→ Work to complete: From the first line of the data down to the line bearing "وجرت لسموه مراسم", output every line exactly and include no pictures.

→ Material provided:
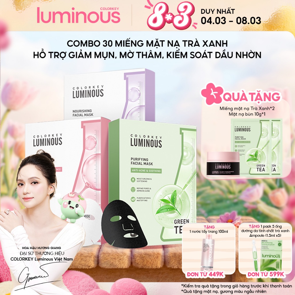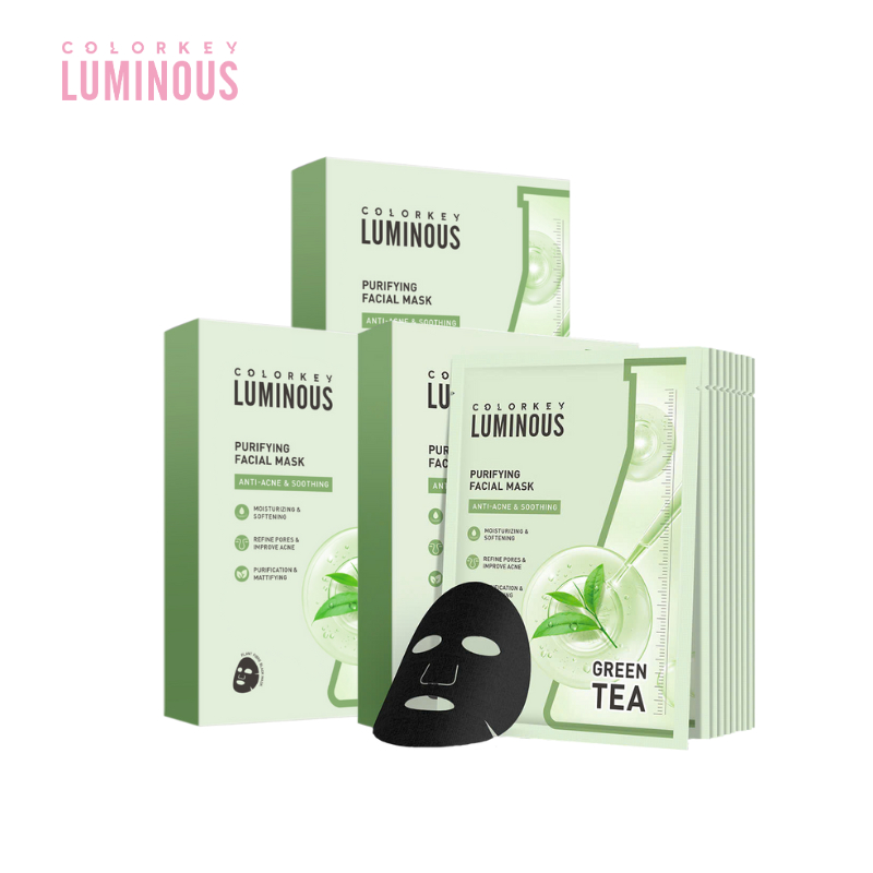 Combo 30 Miếng Mặt Nạ Giấy Trà Xanh BHA COLORKEY LUMINOUS | Hỗ Trợ Giảm Mụn, Giảm Sưng Đỏ | 25ml x 30 Miếng
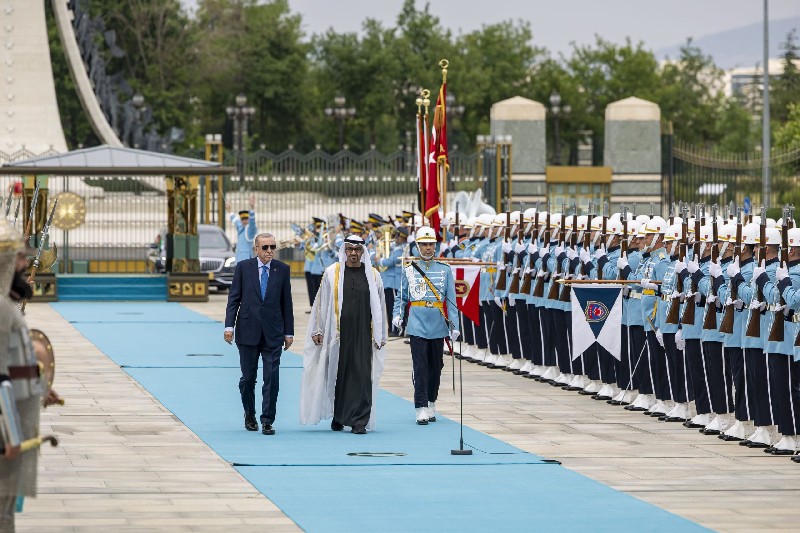 وجرت لسموه مراسم استقبال رسمية لدى وصول الموكب ترافقه مجموعة من الخيالة حيث توجه سموه وفخامة الرئيس التركي إلى منصة الشرف وعزف السلام الوطني لكل من دولة الإمارات وتركيا..واصطفت ثلة من حرس الشرف تحية وترحيباً بزيارة سموه.
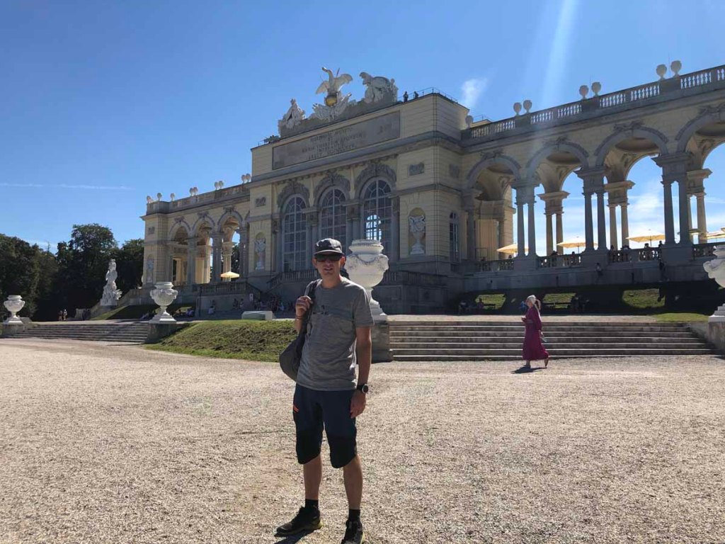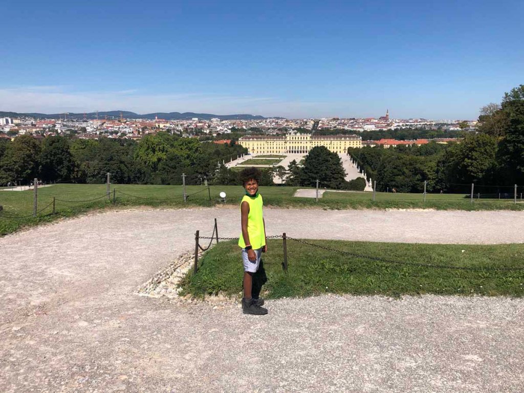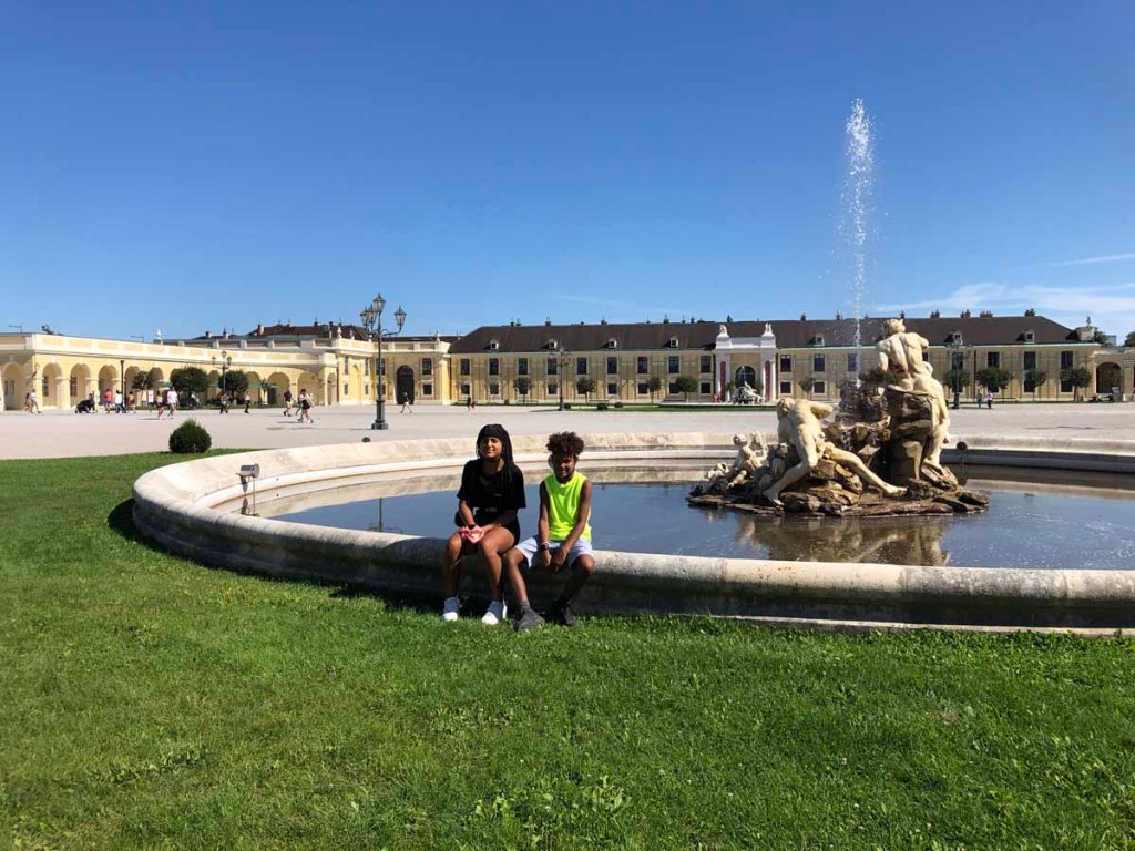 Wir kommen von Westen her zum Schloss, biegen dann aber gleich in Richtung Neptun-Brunnen und Gloriette ab. Sara ist schon ein wenig müde, daher setzt sie sich in den Schatten, während Letu und ich zur Gloriette aufsteigen. Von hier haben wir einen sehr schönen Ausblick auf das Schloss Schönbrunn.

→ Exercise solution:
 Combo 30 Miếng Mặt Nạ Giấy Trà Xanh BHA COLORKEY LUMINOUS | Hỗ Trợ Giảm Mụn, Giảm Sưng Đỏ | 25ml x 30 Miếng
 وجرت لسموه مراسم استقبال رسمية لدى وصول الموكب ترافقه مجموعة من الخيالة حيث توجه سموه وفخامة الرئيس التركي إلى منصة الشرف وعزف السلام الوطني لكل من دولة الإمارات وتركيا..واصطفت ثلة من حرس الشرف تحية وترحيباً بزيارة سموه.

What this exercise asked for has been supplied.